Yeah, but it should be functionally the same, so it shouldn't matter
whether we merge a solution now or leave it until after his series.
>
> And whose suggestion isn't that important, IMO. We simply try to discuss
> this technically and reach a consensus.. no matter who proposed what.
Right, I'm just using a shorthand to avoid having to describe the
proposals every time. What I mean is it's easier to switch if/else with
function pointers than the other way around because adding the hooks
will also require some changes to the MultiFDMethods structure.
>
>> ======
>>
>> We already have the send/recv threads structured in relation to what we
>> do inside the hooks. You're just defining a function that's not a hook,
>> but it has the same signature and responsibilities and needs to be
>> called at the same moment.
>>
>> I think the dissonance here is that you don't see the multifd thread
>> code and the payloads (ram, device) as separate layers. Payload-specific
>> code should not be at top level. Otherwise, it breaks any semblance of
>> proper layering:
>>
>> - payload code will have access to MultiFD*Params, which has a bunch of
>> control variables for the loop, the semaphores, etc. that should not
>> be touched;
>>
>> - payload code ends up influencing the flow of the thread
>> function. E.g. when zero_copy_send used to dictate whether we'd have
>> separate IO for the packet or not.
>>
>> - temporary variables needed by the payload code will have to be
>> declared inside the thread funcion, which makes tempting to use them
>> across payload types and also in the thread code itself;
>>
>> - it creates doubt as to whether new changes go inside the hooks, in the
>> if/else or outside of it;
>>
>> Think about how easy it has has been to review and merge the various
>> compression features we had. It doesn't matter how much they mess up
>> inside the hooks, it will never cause the dreaded "Memory content
>> inconsistency at ..." error from check_guest_ram(). At least not in a
>> way that affects other people. Now compare that with for instance the
>> zero-page work, or even mapped-ram, that required a bunch of changes to
>> the multifd control flow itself (e.g. all of the sync changes w/
>> mapped-ram).
>
> I think there's one issue where we only support one MultiFDMethods as of
> now to be active, while the "clients" of multifd can be >1 from payload
> POV. It means I'm not sure how VFIO can provide a MultiFDMethods if it
> will overwrite what should be there to define how to process RAM..
>
> Then, we should logically allow VFIO migration to happen with RAM being
> compressed with ZSTD/ZLIB/whatever, right? The question is which
> MultiFDMethods we should assign if they're the same layer in this case..

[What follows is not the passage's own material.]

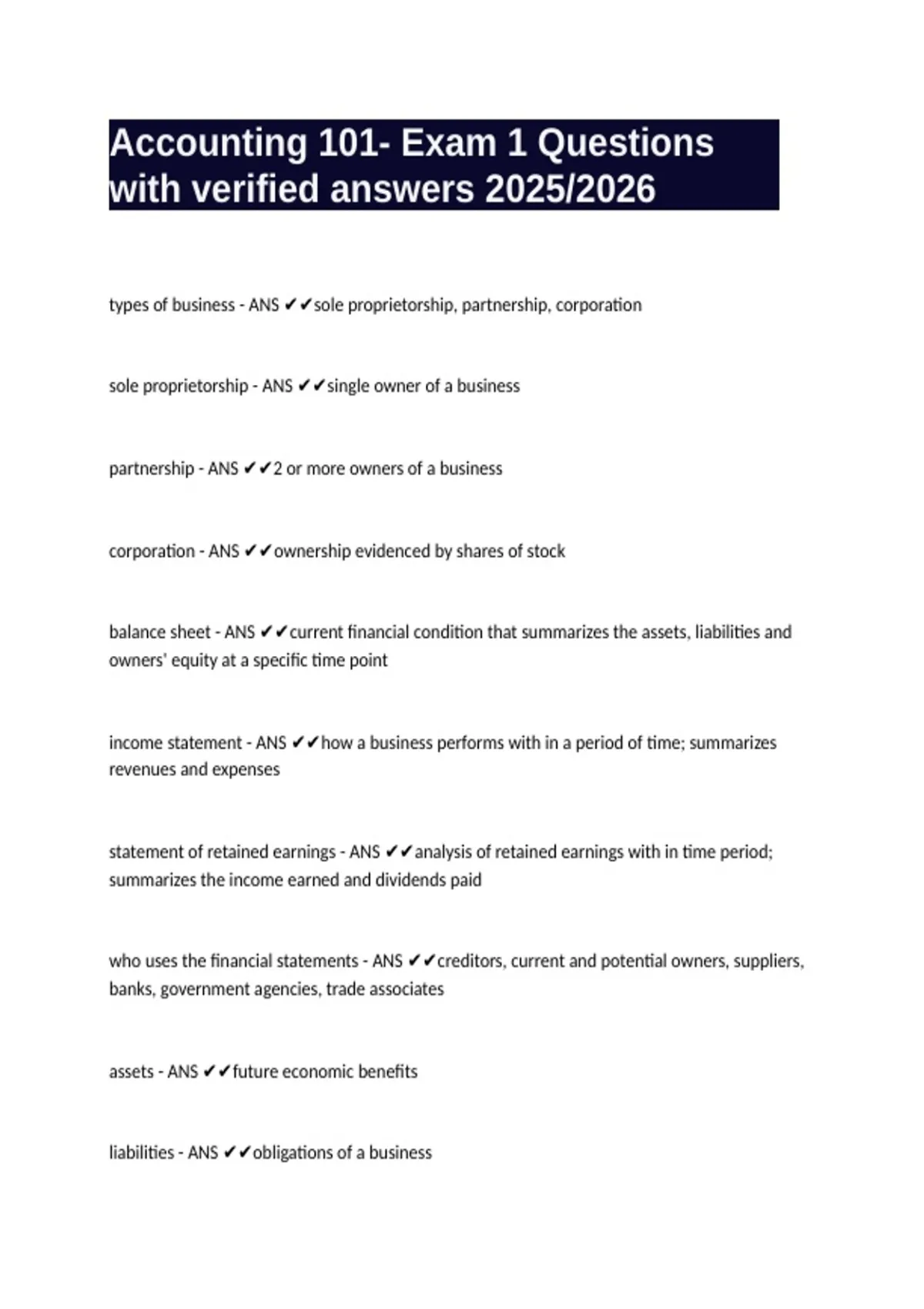 types of business - ANS ✔✔sole proprietorship, partnership, corporation

The natural thing would be to put the hooks inside the data
type. Something like this:
struct MultiFDRecvData {
MultiFDMethods *ops; <---
void *opaque;
size_t size;
/* for preadv */
off_t file_offset;
};
struct MultiFDSendData {
MultiFDPayloadType type;
MultiFDMethods *ops; <---
union {
MultiFDPages_t ram;
} u;
};
multifd_ram_save_setup()
{
multifd_ram_send = multifd_send_data_alloc();
multifd_register_ops(multifd_ram_send, &multifd_ram_ops);
}
void multifd_register_ops(MultiFDSendData *data, MultiFDMethods *ops)
{
if (data->type == RAM) {
method = migrate_multifd_compression();
assert(0 < method && method < MULTIFD_COMPRESSION__MAX);
ops = multifd_ops[method];
}
data->ops = ops;
}
I'm just not sure whether we have some compiler cleverness optimizing
these function pointer accesses due to multifd_send_state being static
and multifd_send_state->ops being unchanged throughout the
migration. But AFAICS, the proposal above is almost the same thing as we
already have.
- Re: [RFC PATCH v2 9/9] migration/multifd: Replace multifd_send_state->pages with client data, (continued)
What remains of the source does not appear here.